◆ About this exercise: Wherever a picture sits, omit it. Output the rest of the listing exactly.

___ Data below

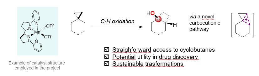 The oxidation of carbon-hydrogen (C–H) bonds in simple organic molecules is a key chemical transformation. This is because many biologically active and pharmaceutical compounds contain oxidized frameworks, and introducing carbon-oxygen (C–O) bonds into these molecules allows for the creation of a wide range of useful products. In recent years, scientists have made great progress in designing catalysts—substances that speed up chemical reactions—that mimic the behavior of natural enzymes, especially a class called oxygenases. These enzymes are particularly good at oxidizing C–H bonds in living organisms. Moreover, the use of environmentally friendly metals (such as manganese or iron) to synthesize these catalysts, making the process more sustainable. Oxygenase enzymes can carry out C–H oxidations through different mechanisms. One common route, called the rebound mechanism, involves replacing a hydrogen atom on the molecule with an oxygen atom. Another possible pathway involves an electron transfer, which creates a positively charged intermediate known as a carbocation. This carbocation can then lose a proton and form a new structure. A particularly useful trick involves the use of cyclopropyl groups—small three-carbon rings. These rings can make nearby C–H bonds more reactive through a process called hyperconjugation, which helps guide the reaction to a specific site on the molecule. Cyclopropyl groups also help stabilize carbocation intermediates, making it possible for reactions to proceed through carbocationic pathways. Until recently, however, there was no direct evidence that these carbocation-based pathways could lead to actual reaction products. In collaboration with Costas group, the fellow studied the oxidation of a cyclopropane substrate called 6-tert-butylspiro[2.5]octane. They discovered for the first time that the reaction produced one major product: a cyclobutane ring (a four-carbon ring), formed through a highly specific rearrangement involving a carbocation. These findings opened the door to designing more selective and efficient oxidation reactions using cyclopropane-containing compounds, with the potential to create new molecules in a greener and more controlled way.
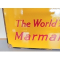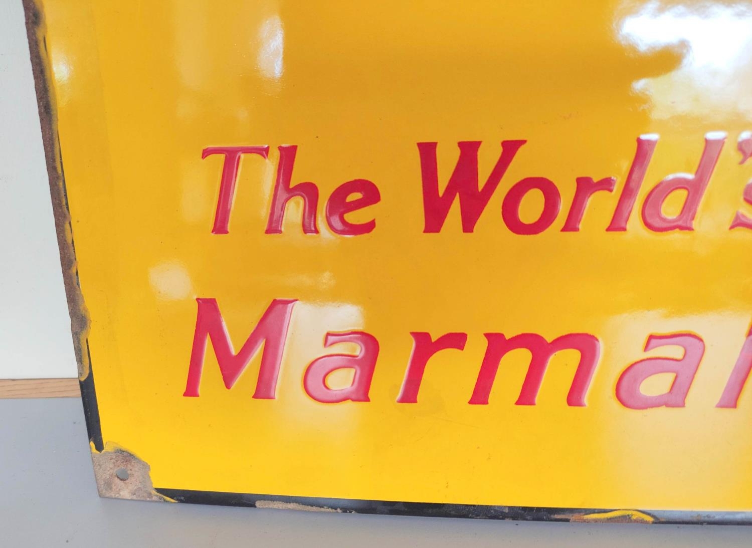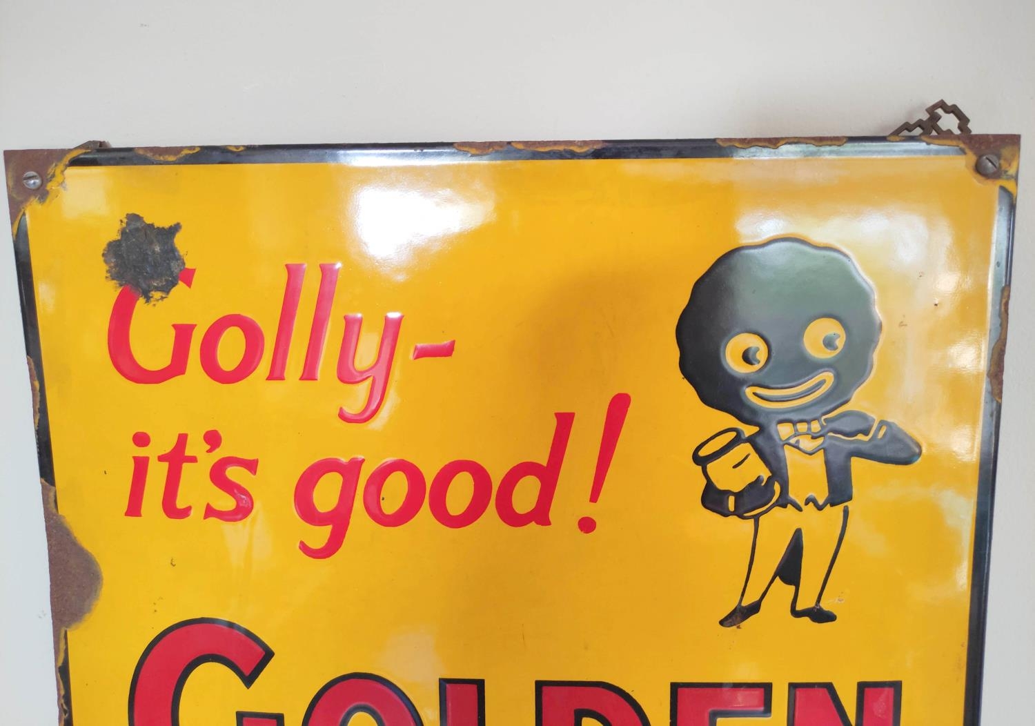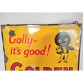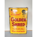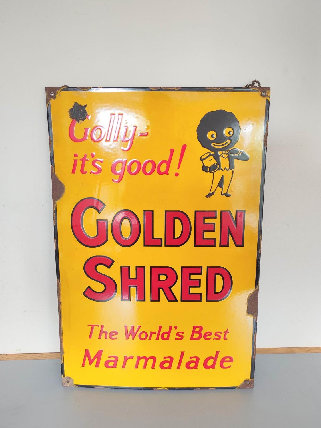 Vintage Robertson's Golden Shred enamel sign with their infamous mascot surrounded by the text "Golly it's good!, The world's best marmalade". Colours, & lettering crisp with some rust spots to borders. 60cm x 40cm.
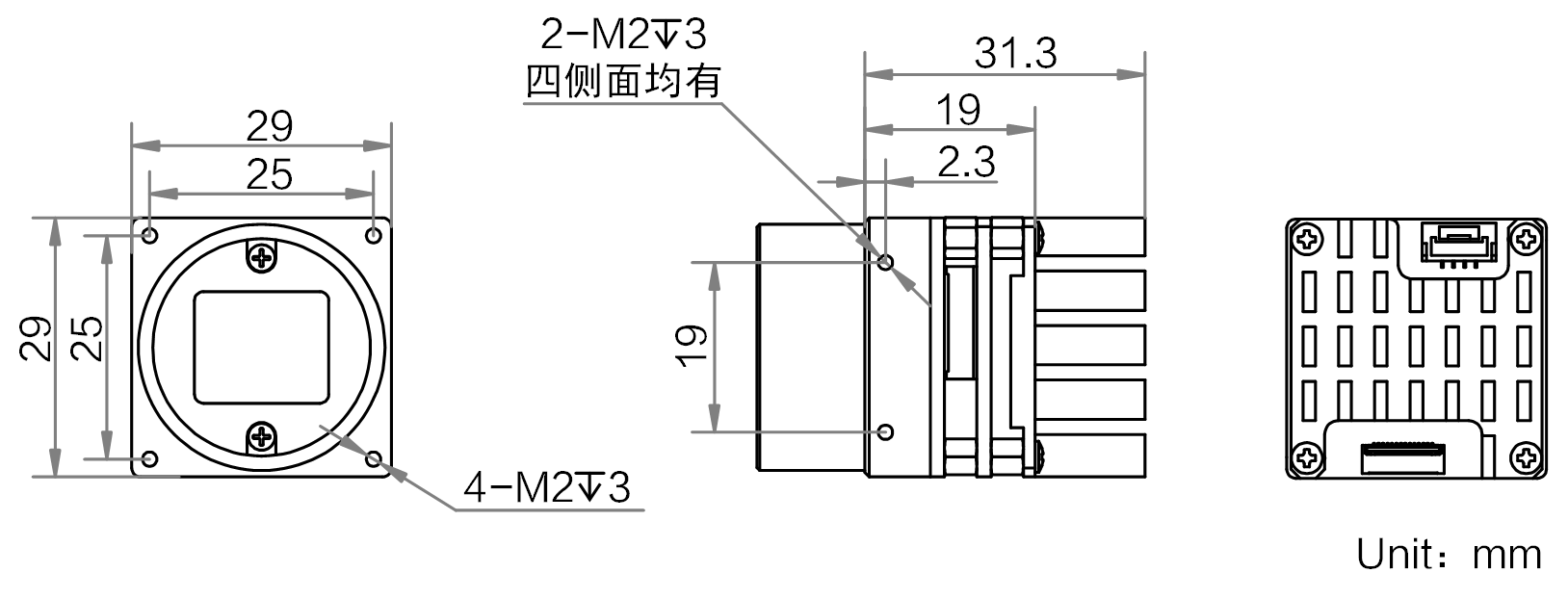 名称 | 500万像素USB 3.0板级相机,IMX250,FPC接口,黑白,C口 |

______

◆ Problem solution:
 The oxidation of carbon-hydrogen (C–H) bonds in simple organic molecules is a key chemical transformation. This is because many biologically active and pharmaceutical compounds contain oxidized frameworks, and introducing carbon-oxygen (C–O) bonds into these molecules allows for the creation of a wide range of useful products. In recent years, scientists have made great progress in designing catalysts—substances that speed up chemical reactions—that mimic the behavior of natural enzymes, especially a class called oxygenases. These enzymes are particularly good at oxidizing C–H bonds in living organisms. Moreover, the use of environmentally friendly metals (such as manganese or iron) to synthesize these catalysts, making the process more sustainable. Oxygenase enzymes can carry out C–H oxidations through different mechanisms. One common route, called the rebound mechanism, involves replacing a hydrogen atom on the molecule with an oxygen atom. Another possible pathway involves an electron transfer, which creates a positively charged intermediate known as a carbocation. This carbocation can then lose a proton and form a new structure. A particularly useful trick involves the use of cyclopropyl groups—small three-carbon rings. These rings can make nearby C–H bonds more reactive through a process called hyperconjugation, which helps guide the reaction to a specific site on the molecule. Cyclopropyl groups also help stabilize carbocation intermediates, making it possible for reactions to proceed through carbocationic pathways. Until recently, however, there was no direct evidence that these carbocation-based pathways could lead to actual reaction products. In collaboration with Costas group, the fellow studied the oxidation of a cyclopropane substrate called 6-tert-butylspiro[2.5]octane. They discovered for the first time that the reaction produced one major product: a cyclobutane ring (a four-carbon ring), formed through a highly specific rearrangement involving a carbocation. These findings opened the door to designing more selective and efficient oxidation reactions using cyclopropane-containing compounds, with the potential to create new molecules in a greener and more controlled way.
 Vintage Robertson's Golden Shred enamel sign with their infamous mascot surrounded by the text "Golly it's good!, The world's best marmalade". Colours, & lettering crisp with some rust spots to borders. 60cm x 40cm.
 名称 | 500万像素USB 3.0板级相机,IMX250,FPC接口,黑白,C口 |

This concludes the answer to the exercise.